We do, for a few years, need the providence of our
fathers after the flesh. But how small, how transient,
how narrow is this need, as compared with our constant
need for the providence of Him in whom we live, move and
have our being — Our Father who art in Heaven! It
is to him, “the giver of every good and perfect
gift,” and not to our fathers after the flesh, that
Christ taught us to pray, “Give us this day our
daily bread.” And how true it is that it is through
him that the generations of men exist! Let the mean
temperature of the earth rise or fall a few degrees, an
amount as nothing compared with differences produced in
our laboratories, and mankind would disappear as ice
disappears under a tropical sun, would fall as the leaves
fall at the touch of frost. Or, let for two or three
seasons the earth refuse her increase, and how many of
our millions would remain alive?
The duty of fathers to transmit to their children
profitable property that will enable them to keep
themselves from want and misery in the uncertainties of
this mortal life! What is not possible cannot be a duty.

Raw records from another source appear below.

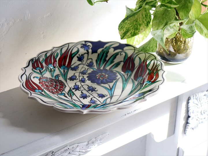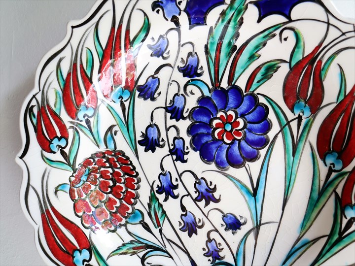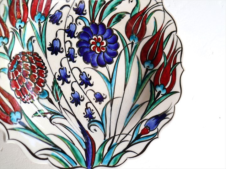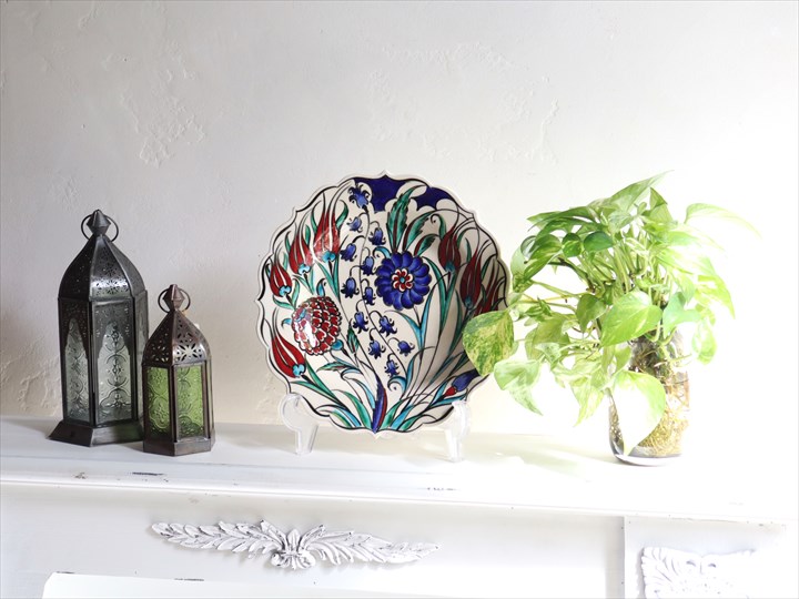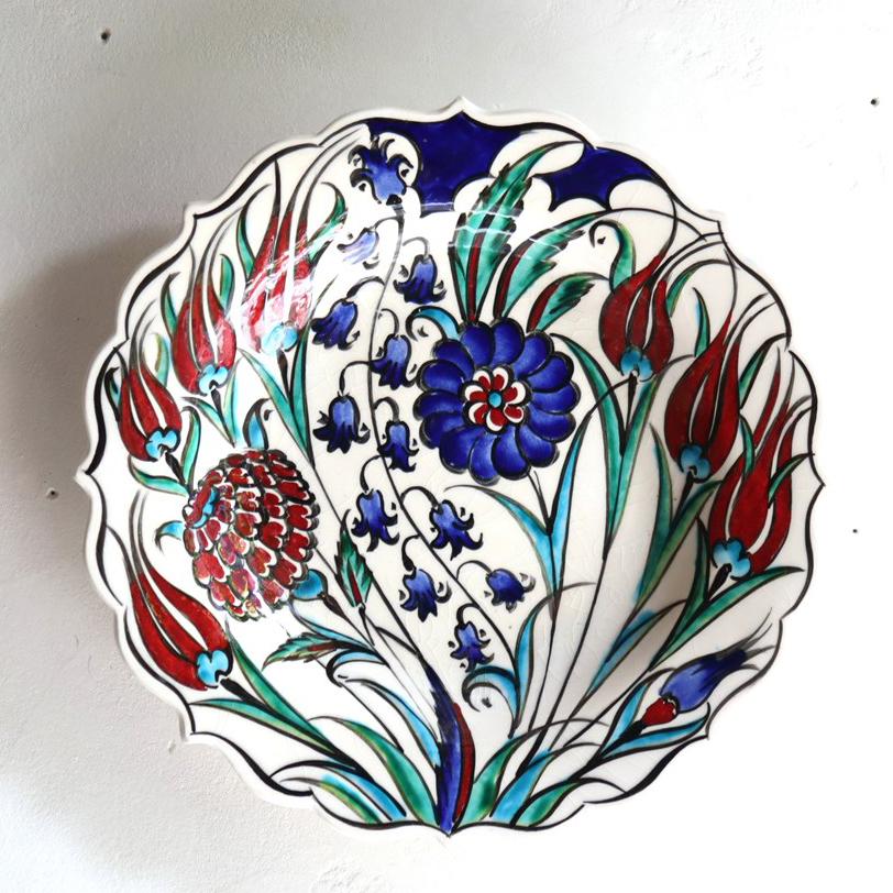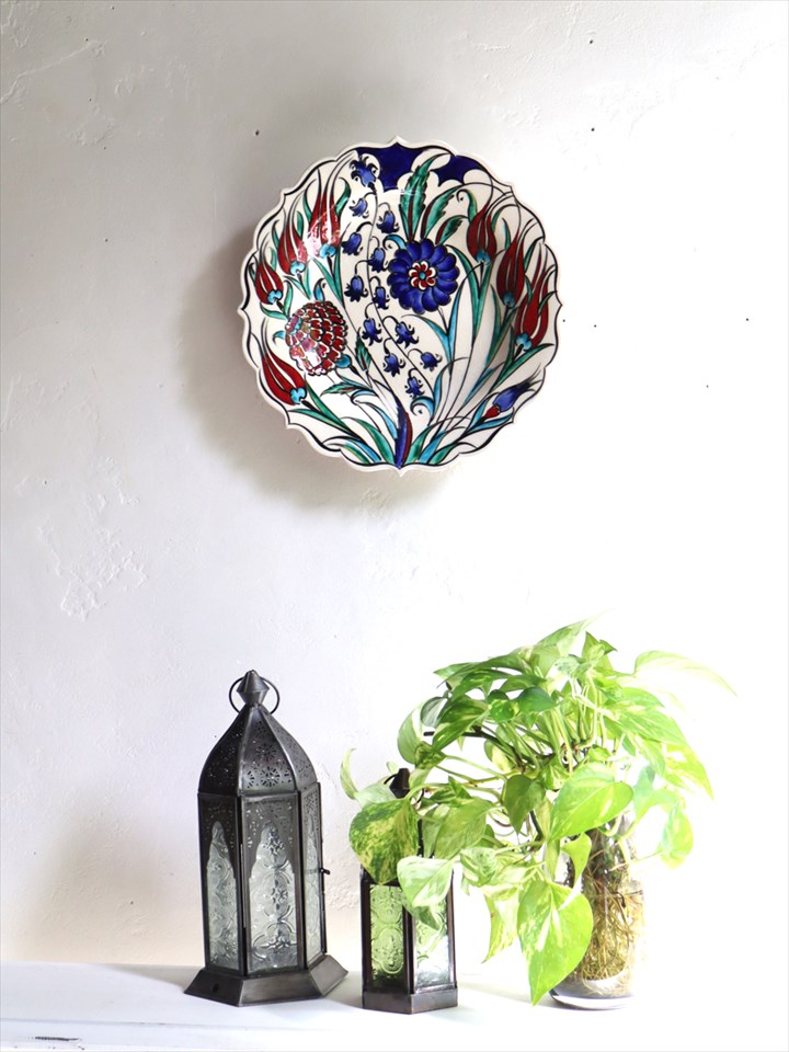 トルコの陶器産業の中心地「キュタフヤ」の工房で手書き絵付けされている飾り皿です。16世紀末に完成されたとされる、オスマントルコ独特の表現で描かれたチューリップ、カーネーションやすずらん。
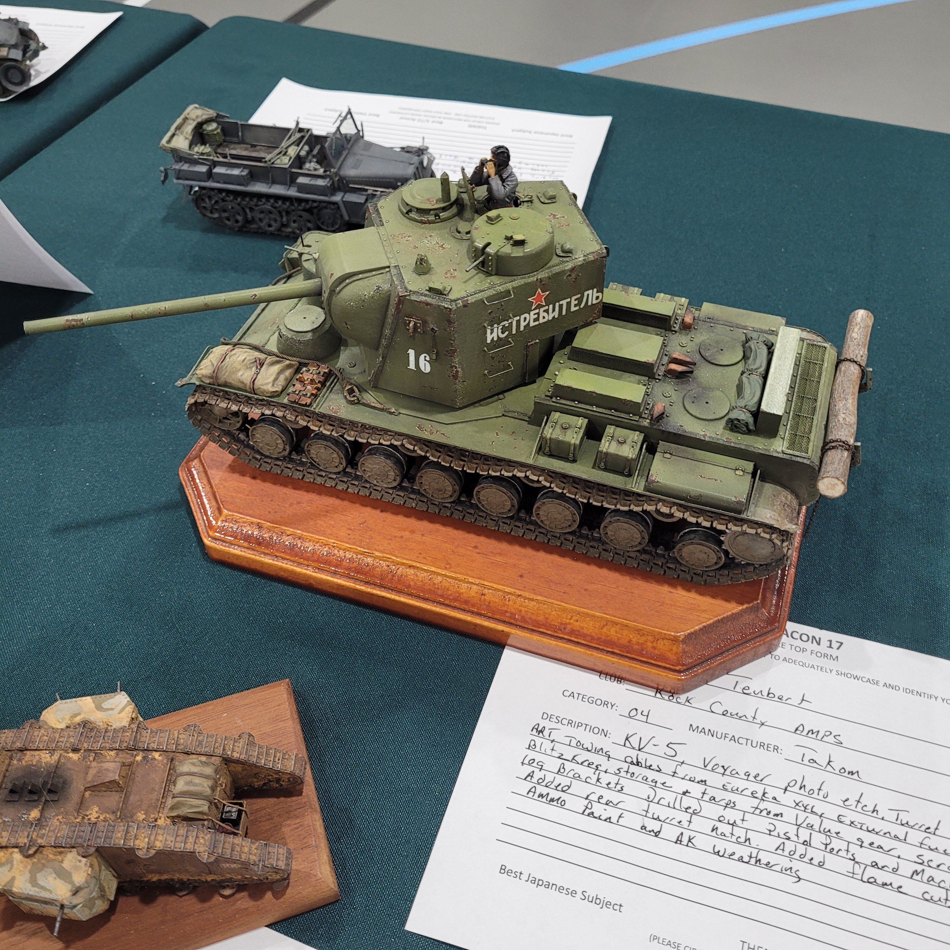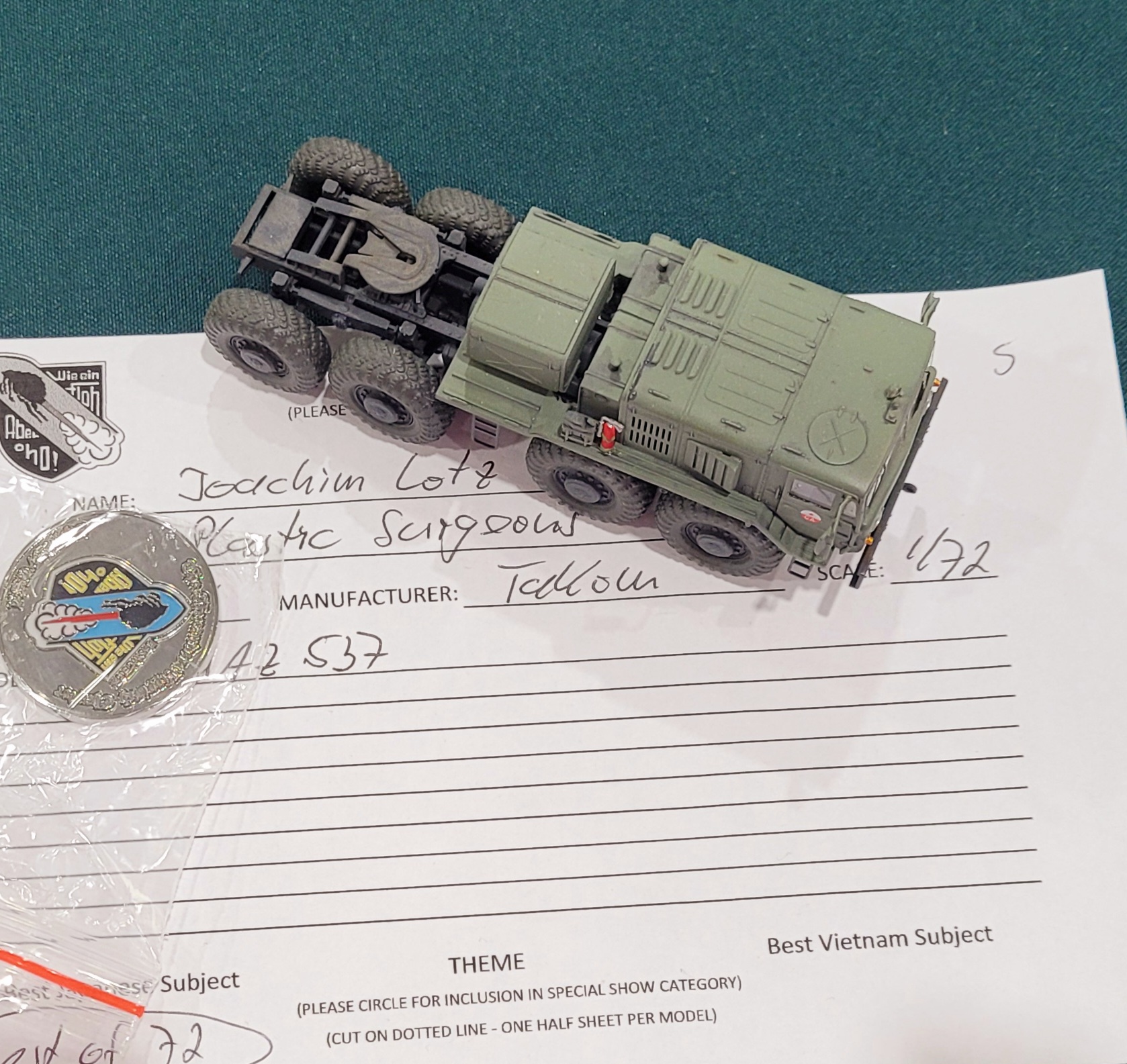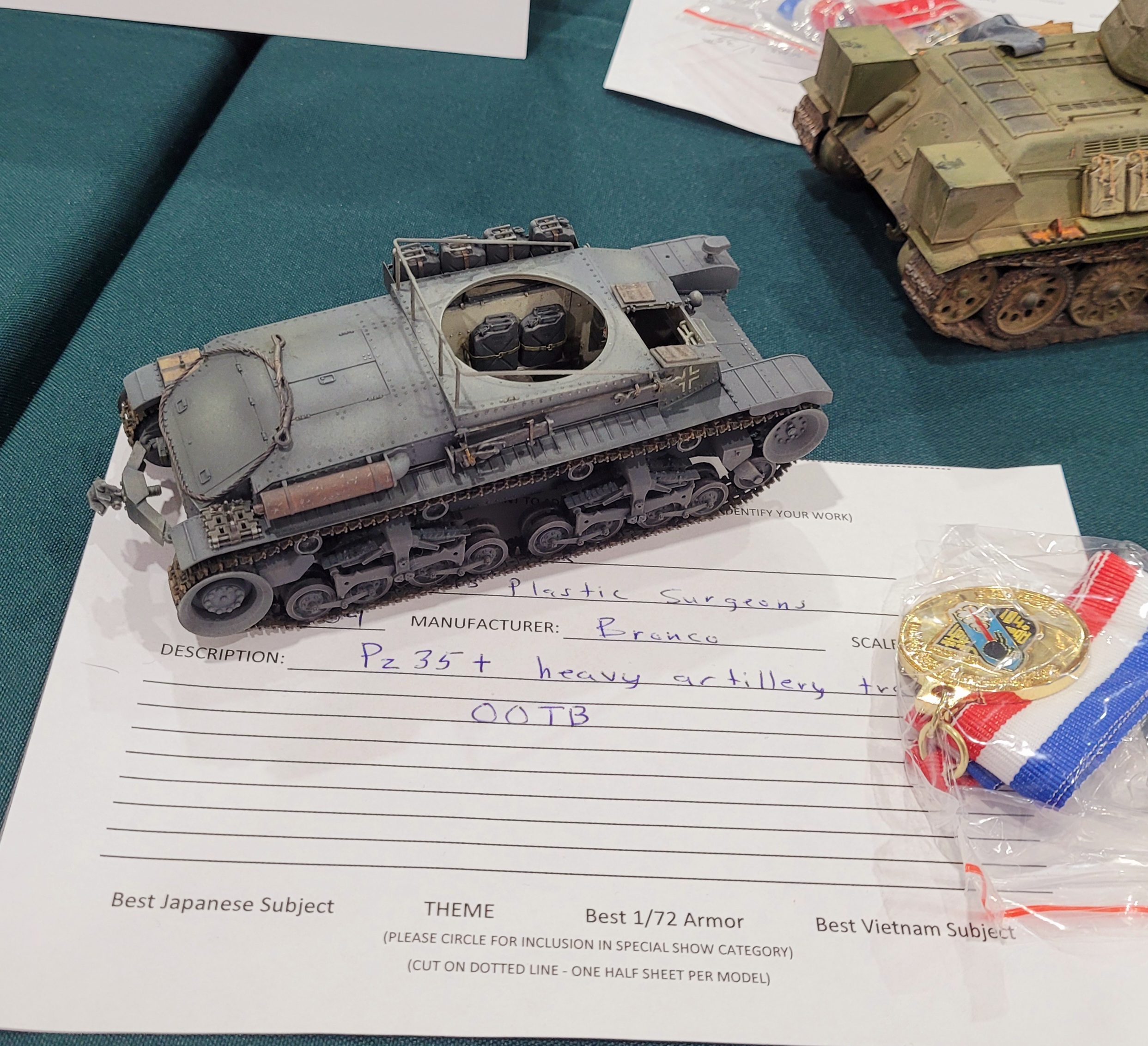 Ed St. Denis' 1/72 Armor. I thought his Prime Mover/Trailer/Marder build was possibly the best model of the Show. The opinions of our hosts differed. Ed had a good day nevertheless!
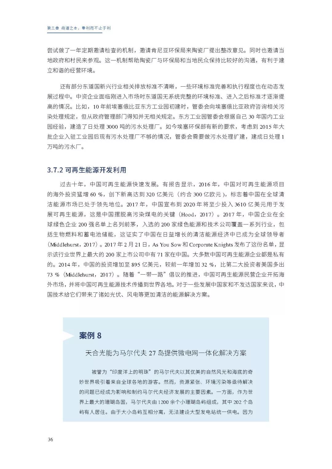 在马尔代夫,天合光能依据不同用电需求和既有用电结构,为当地的岛屿群定制了光伏+储能+柴发的微电网群解决方案,项目含4.6兆瓦光伏组件、4.97兆瓦时储能系统和6兆瓦柴油发电机,是全球最大的岛屿微电网群项目之一。这个解决方案减少了柴油发电的不稳定性对当地居民用电的影响,解决了当地一万一千多居民的用电需求,每年节省柴油5000多升,相当于减排二氧化碳12.5吨。联合国开发计划署编写的《中国民营企业“一带一路”可持续发展报告》在大会当天发布,天合光能马尔代夫微电网项目作为可再生能源开发利用的代表案例,为“一带一路”沿线国家和地区的能源发展提供了借鉴和思路。
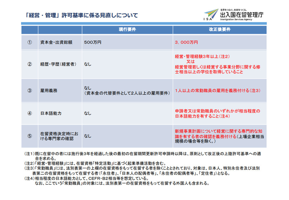 在留資格「経営・管理」に係る上陸基準省令等の改正について(出入国在留管理庁)
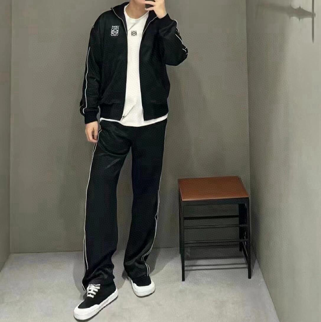 スウェットセットの強みは、「一貫性のあるルック」を瞬時に完成させる力 にある。画像のようにセットで着れば、ヴィンテージスポーツのルックがそのままに、LOEWE ならではの洗練された雰囲気を放つ。一方、ジャケット単体でデニムやレザーパンツと組み合わせれば、「ストリート感」から「ビジネスカジュアル」まで、幅広いシーンに適応する。小物との相性も圧倒的。クリーンなホワイトスニーカーでカジュアルさを強調し、レザーベルトや高級感のあるバッグを加えれば、都市的なエレガンスへと変貌する。

And how is it possible for fathers to do that? Your
Holiness has not considered how mankind really lives from
hand to mouth, getting each day its daily bread; how
little one generation does or can leave another. It is
doubtful if the wealth of the civilized world all told
amounts to anything like as much as one year’s
labor, while it is certain that if labor were to stop and
men had to rely on existing accumulation, it would be
only a few days ere in the richest countries pestilence
and famine would stalk.
The profitable property your Holiness refers to, is
private property in land. Now profitable land, as all
economists will agree, is land superior to the land that
the ordinary man can get. It is land that will yield an
income to the owner as owner, and therefore that will
permit the owner to appropriate the products of labor
without doing labor, its profitableness to the individual
involving the robbery of other individuals. It is
therefore possible only for some fathers to leave their
children profitable land. What therefore your Holiness
practically declares is, that it is the duty of all
fathers to struggle to leave their children what only the
few peculiarly strong, lucky or unscrupulous can leave;
and that, a something that involves the robbery of others
— their deprivation of the material gifts of
God.
This anti-Christian doctrine has been long in practice
throughout the Christian world. What are its results?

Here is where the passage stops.